British Researchers Develop New Way to Screen for Potential Cystic Fibrosis Therapies

British researchers have come up with a new way to screen for compounds that could be used to treat inherited diseases such as cystic fibrosis and Duchenne muscular dystrophy.

The approach also may work with gene therapies, whose aim is to overcome abnormalities stemming from defective genes. These abnormalities can cause diseases.

The University of Bradford team said its approach involves identifying compounds that can bypass a stop sign that a gene mutation throws up.

In the case of cystic fibrosis, CFTR gene mutations throw up several stop signs that can prevent the production of a normal version of the CFTR protein. The result is the production of the defective protein that causes CF.

Bradford researchers published their study in the journal Human Molecular Genetics. The title is “Aminoglycoside-mediated promotion of translation readthrough occurs through a non-stochastic mechanism that competes with translation termination.”

The method that the team came up with to screen for potential therapies involves identifying compounds that can bypass just one of the stop signs that an abnormal gene throws up. Compounds that bypass all of the stop signs are unlikely to be able to prevent the production of defective CFTR protein, for example.

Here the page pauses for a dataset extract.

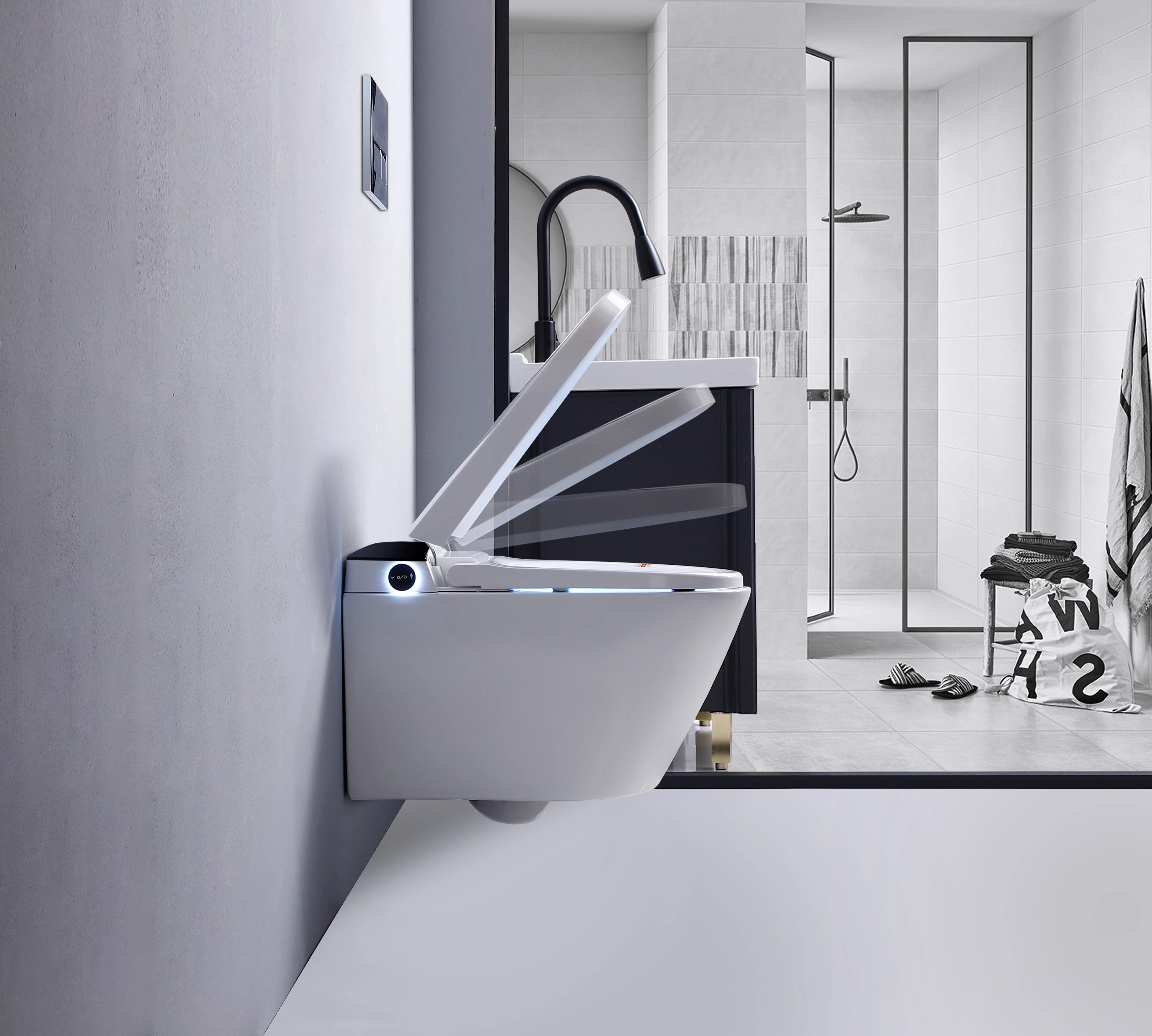 Электронный унитаз оснащен встроенным резервуаром, автоматическим смывом, который также работает с отключенным питанием, сушкой, автоматическим открытием/закрытием крышки, регулировкой температуры сиденья, воды, сушки, давления, функциями биде, самоочищающей форсункой.

“Our model acts like a simple roadside checkpoint,” Dr. Talat Nasim, the lead author of the study, said  in a press release. “Compounds, which can fulfill certain criteria will enable some proteins to get past the pre-mature stop signal. Even a small amount of the right proteins would be enough to give some therapeutic protection, and that would lessen the symptoms of the disorder.

“Our model does not support the translational machinery to be reprogrammed in such a way that it bypasses all stop signals,” he said. “This would potentially generate proteins with many more mutated amino acids.”

Bradford researchers used the model to analyze hundreds of genes and more than a thousand therapies that U.S. regulators have approved for various diseases. They obtained the drug list from the National Institute of Neurological Disease Syndrome.

The screening identified two genes that scientists might be able to develop CF therapies around. Unfortunately, the compound screening revealed no approved drug that would be a good candidate for treating cystic fibrosis.

In 2007, scientists reported that a compound known as Translarna overcame faulty DMD genes’ inability to produce dystrophin protein. Lack of dystrophin is what causes Duchenne MD. Translarna generated the protein by bypassing one of the stop signs that the faulty DMD gene threw up, the researchers believed.

Although the U.S. Food and Drug Administration has declined to approve Translarna as a Duchenne MD treatment, Britain has authorized it as a therapy for young Duchenne MD patients with certain mutations.

Nasim believes the Bradford model will help scientists hone in on those compounds that have the best chance of becoming CF and Duchenne MD therapies.